Former Wrexham school head from Rhos on Sea cleared of fraud charges

Reporter:

Alan Davies

A headmaster has been cleared of two charges of fraud while employed at two primary schools in the Wrexham area.

Nicholas Robert Hankin, 54, said he felt as if there had been a witch-hunt against him for the last two years and that it had “destroyed” his life.

Following a three-hour retirement at Mold Crown Court, the jury found Hankin ‘not guilty’.

Judge Niclas Parry told him: “You have been acquitted by a jury. You leave this court with your good character intact. You are discharged and you are free to leave.”

Outside court. a relieved Hankin contacted loved ones to tell them the news and said he would now be seeking a tribunal hearing.

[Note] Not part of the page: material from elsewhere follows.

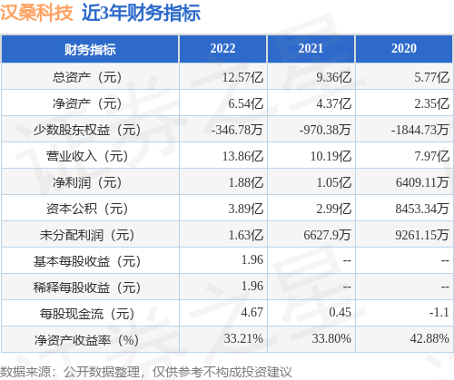 从目前公布的财报来看,汉桑科技2022年总资产为12.57亿元,净资产为6.54亿元;近3年净利润分别为1.88亿元(2022年),1.05亿元(2021年),6409.11万元(2020年)。详情见下表:

He said he felt internal disciplinary procedures within Wrexham County Borough Council – under which he was dismissed for not sticking to procedures – should have awaited the outcome of the criminal trial.

“Really I feel that this has been a witch-hunt for two years,” he said.

“It has destroyed my life. It has caused me psychological problems and it has caused myself, my partner, my ex-wife and my child a lot of distress.”

Hankin said he now wanted to “start to see what I can do in terms of a tribunal to clear my name”.

He said: “I feel the disciplinary procedures should have taken place after the trial.

“All I have done is work hard. I loved teaching. But I have not been near a school in two years.

“I was not able to do the job I had the ability to do.”

Hankin conceded he did have an impetuous nature and often made off the cuff decisions which could appear arrogant to others.

“But in all that I have done, I always had the children’s interests at heart,” he said.

Mold Crown Court heard how Hankin, of St George’s Road, Rhos-on-Sea, was suspended when it was allegedt he had entered into a lease agreement for two  personal Apple Mac laptops which were charged to Ysgol Gwenfro on the Caia Park Estate, where he had become headmaster a few months earlier.

Checks were made it was alleged he had done the same thing at his previous school, Ysgol Tanyfron at Wrexham, involving two other Apple Mac computers.

He denied that two of the computers were used as Christmas presents for his partner and son.

Hankin pleaded ‘not guilty’ to two charges of fraud while in a position of trust dating back to 2014 and 2015 and the jury of eight women and four men formally found him not guilty.

Prosecuting barrister John Philpotts alleged he defrauded the two primary schools by abusing his responsible position as headmaster in order to acquire IT equipment without authority for his unauthorised personal use.

At Ysgol Gwenfro two Apple Mac laptop computers had been obtained on a three year lease at £370 a quarter.

It would have cost the school £4,460.

He alleged that the headmaster had not used the proper procedures to obtain them and had not sought the approval of governors to enter into that agreement on behalf of the school.

The auditor carried out checks at the defendant’s former school, Ysgol Tanyfron.

It was found that he had entered into an unauthorised financial agreement at that school over two laptops.

The deputy head-teacher had recalled seeing two Apple Mac laptops on his desk and it was alleged that he had told her that they were Christmas presents for his wife and son, a claim he later denied.

Mr Philpotts said that the two computers were eventually returned, one in a damaged state.

Hankin said he became head at Ysgol Tanyfron in Wrexham in 2012 and while there was also asked to take on the acting headship at St Mary’s in Brymbo.

At Easter 2015 he was appointed head at Ysgol Gwenfro.

He had procured a number of items of equipment, not simply the four laptops subject to the fraud charge.

Hankin said he did not always go through the local authority procurement scheme, but said he did not believe he was doing anything wrong.

He believed that he was operating within his credit limit of £15,000 where he did not need governors’ approval.

He  “never conceived” that he would keep any equipment for himself or that he was putting a school at risk of financial loss.

He had definitely not considered his actions dishonest.

“Nothing was hidden at all,” he said. 

He denied that computers had been “wiped” to hide what they had previously been used for.

Defending barrister Duncan Bould said that his client had been transparent and that delivery notes and other documents relating to the computers were available at the schools for all to see.